Overall, the initial rollout of RIPA in JTWC operations was successful, and the engineering solutions led to more credible deterministic RIPA forecasts; however, there were still three issues that required further investigation. First, the forecasts for the 36- and 48-h lead times, as well as the higher 24-h intensity change thresholds (RI35 and RI40), varied widely from one 6-h forecast to the next. This issue was found to be related to differences in the high-frequency variations in the infrared brightness temperature standard deviation–based predictor (SDO) from one forecast to another, and SDO had large weights in both the LDA and LRE prediction models. Second, these statistical models had difficulty forecasting RI once a TC had reached an intensity of about 85 kt. Further investigation showed that this effect was related to the colinearity between the VMAX and the POT predictors, which we alluded to earlier. Both of the issues outlined above are addressed in the new LDA and LRE models discussed in section 3b. And finally, the choice of IR satellite imagery for TC in the Indian Ocean was a dilemma. JMA’s Himawari-8 images were available but were often from the limb and suffered from limb darkening/cooling and reduced resolution. This issue is addressed in the new operational RIPA implementation.

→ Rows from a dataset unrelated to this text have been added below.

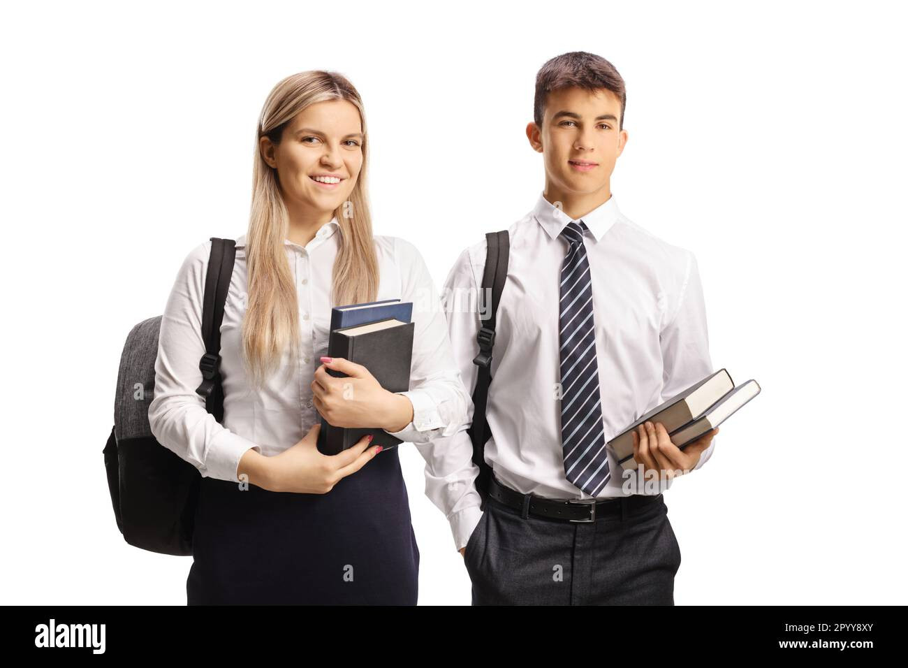 male and female students in a uniforms holding books isolated on white background 2PYY8XY
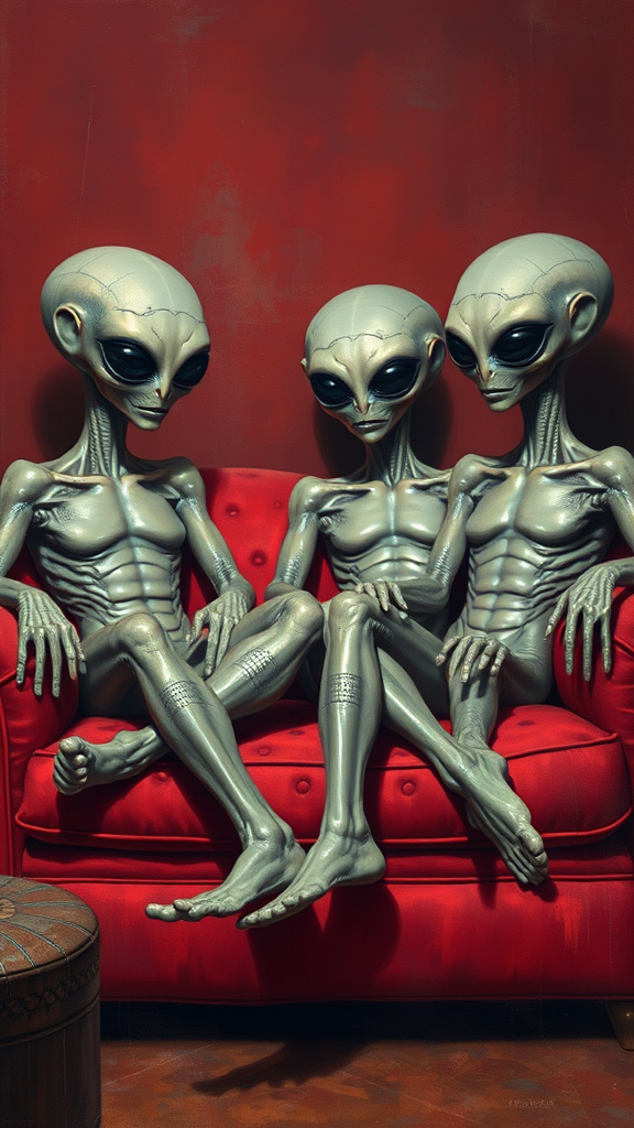 A detailed trompe-l'œil painting depicts four extraterrestrials relaxing on a plush sofa, capturing the illusionistic intricacies and presenting humanoid anatomy with precision. The composition is enriched with deep crimson hues and gentle splashes of light blue, reminiscent of American prints spanning from 1880 to 1950. The setting feels both nostalgic and otherworldly, merging vintage aesthetics with cosmic imagination.
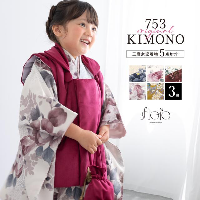 七五三 着物 被布コート セット 3歳 女の子 floro 2025新作 レトロ 和モダン 紺 黒 白 赤 紫 黄 ピンク マゼンタ 菊 梅 花柄 かわいい 女児 3才用 販売 購入 送料無料
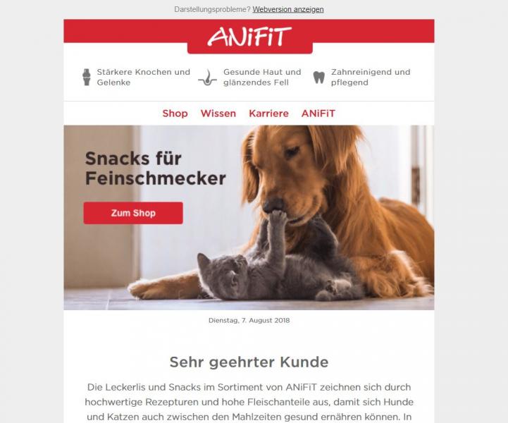 ANiFiT si affida anche alle misure digitali nel marketing. Attraverso l'uso del marketing professionale online con il marketing sui motori di ricerca, l'ottimizzazione dei motori di ricerca (SEO) e il social media marketing, la visibilità in rete aumenta in modo significativo. Sul sito web viene creato anche un nuovo Blog, che contiene articoli informativi sul mondo della salute e della nutrizione animale.

b. Dependent results (new models)

The individual LDA and LRE model components of RIPA were refit using developmental data from all of JTWC’s forecast basins (i.e., western North Pacific, north Indian Ocean, and Southern Hemisphere) for years 2000–17. Models were also refitted in such a way to remove where possible the dependence on the SDO predictor that estimates the coherence of the brightness temperatures directly over the TC and to reduce the colinearity between the VMAX and POT predictors by capping VMAX at 75 kt (i.e., as shown in Fig. 1). The latter was thought to be related to storm organization, specifically the existence of an eyewall structure (cf. Vigh et al. 2012). Figure 4 shows the resulting normalized predictor weights; these can be compared to Figs. 1 and 2 in Knaff et al. (2018). It appears that the colinearity issues have been resolved except the LDA RI70 model, which still shows evidence of VMAX, POT, and OHC predictors having coefficients that have signs opposite of what would be expected in nature, suggesting colinearity among those three variables. The remaining models all have physically consistent coefficients.

Fig. 4.
Fig. 4.

(top) Normalized LDA and (bottom) LRE model coefficients. The magnitude of each coefficient provides an indication of that variable’s relative importance to predicting the various RI thresholds. The 24-, 36- and 48-h intensity change thresholds are shown in blue, green, and red tones, respectively.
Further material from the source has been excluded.